Here’s the setup. This is an epic of Seinfelden proportions, so you must read till the end.
1:20 pm I’m early at the airport and ask the check-in counter guy if there’s an earlier flight I can take. His response, “I’m about to end my shift in 10 minutes.” I ask, “Should I go somewhere else?” “No.”
1:21 pm He tells me there is an earlier flight at 2:10 pm, but it boards at 1:35 pm. I don’t want to rush through security. I tell him I want to get food, so I’ll wait for my original flight at 5 pm. He prints me a ticket and away I go.
1:22 pm I hand my ticket over to the first security guy, who looks at it, my passport, and me, and waves me through.
1:23 pm Yeah. No queue! I hand my ticket over to a second security guy, who looks at it and my passport, and waves me through.

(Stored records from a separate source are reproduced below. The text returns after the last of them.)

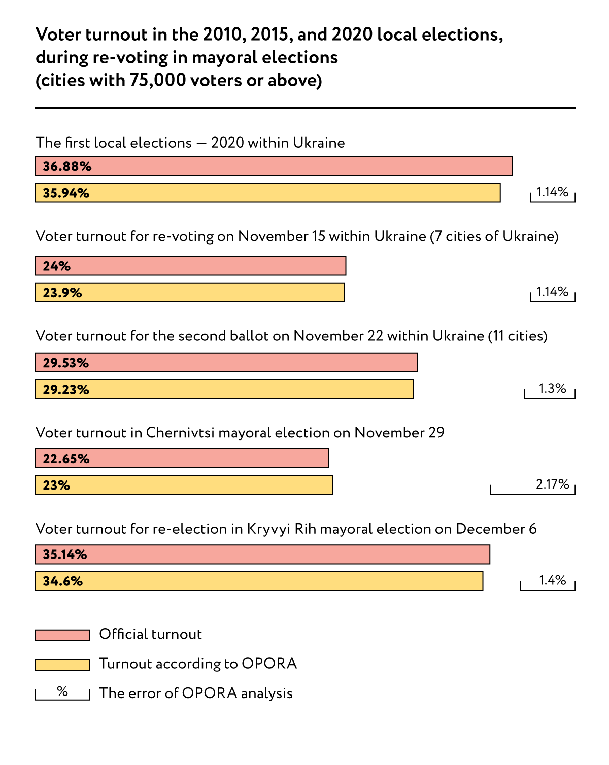 Another feature of the 2020 local campaign in 2020 was the lack of a single date for the second round of mayoral elections. The date of the second round was decided by the TEC within the period required by law (or in some cases outside the period when there was lengthy litigation over results). As with the October 25, 2020 vote, OPORA observers counted turnout at polling stations in re-voting cities. Our data allowed us to compare indicators of voter activity on different voting dates (accounting for the features of our methodology).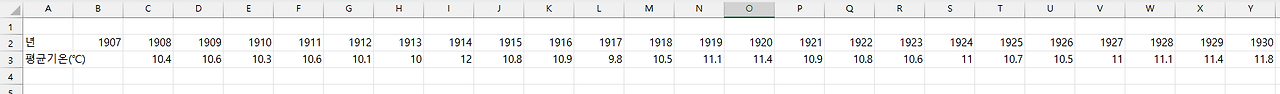 스트라이프 차트가 빽빽한 띠 형태로 보이는 것은 그만큼 다루는 기간이 많기 때문입니다. 우리나라 통계청 기준으로는 1907년부터 데이터가 나와 있어서 연평균 온도를 엑셀에 가로로 나열해 보았습니다.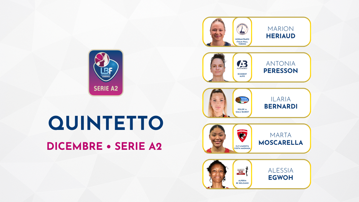 Ecco chi sono le cinque giocatrici che si sono distinte maggiormente nell'arco del mese di dicembre di Serie A2, secondo la Lega Basket Femminile.

1:24 pm I reach US immigration (In Vancouver, you clear US Customs and Immigration before you leave the country). The officer checks out my ticket, my passport, my face, and says “Have a good day.” I breeze through customs. I head for the security scanners but my camera, tape recorder, and random thumb drives show up on the X-ray weird and they search my bag.
1:40 pm I end my “chat” with the scanner guy and walk towards food. I keep walking.
1:45 pm I look at my ticket on a whim. Circled in large red ink is BOARDING TIME 1:35 PM. Naturally, the gate is on the other side of the airport. I turn around and f*cking run like hell.
1:48 pm People. I ran 20 city blocks in 3 minutes. I huff my way to the bemused woman at the counter who politely tells me the flight has been delayed. Boarding is now 2:30 pm.
1:49 pm I look at the ticket again. I wonder why the guy didn’t put me on my original flight. I don’t see my name, but I notice “Holland,” thinking it’s an internal code for boarding. I even take a picture of it…see above.
2:30 pm Time to board! Airline Woman punches my seat number into the computer and says, “That’s funny, the seat is taken, Ms Holland.”
“Who?”
“Isn’t your name Ms Holland?”
“No, I’m Ho.”
“Why does your boarding pass say Holland? Step aside, please.”
Airline Woman finally figures out that Mr 10-minutes gave me the boarding pass of a Ms Holland who was supposed to be on the 2:10 flight.
“I was just looking for food! I didn’t even look at my ticket! I was tired! I ran! How did I pass every security checkpoint? And immigration?”
She gives me a new ticket.
After listening to two days of aviation security talks, the irony does not escape me that I unwittingly clear every checkpoint under another name.
I never knew if Ms Holland made the flight.
If you’re still in Canada, accept my apologies.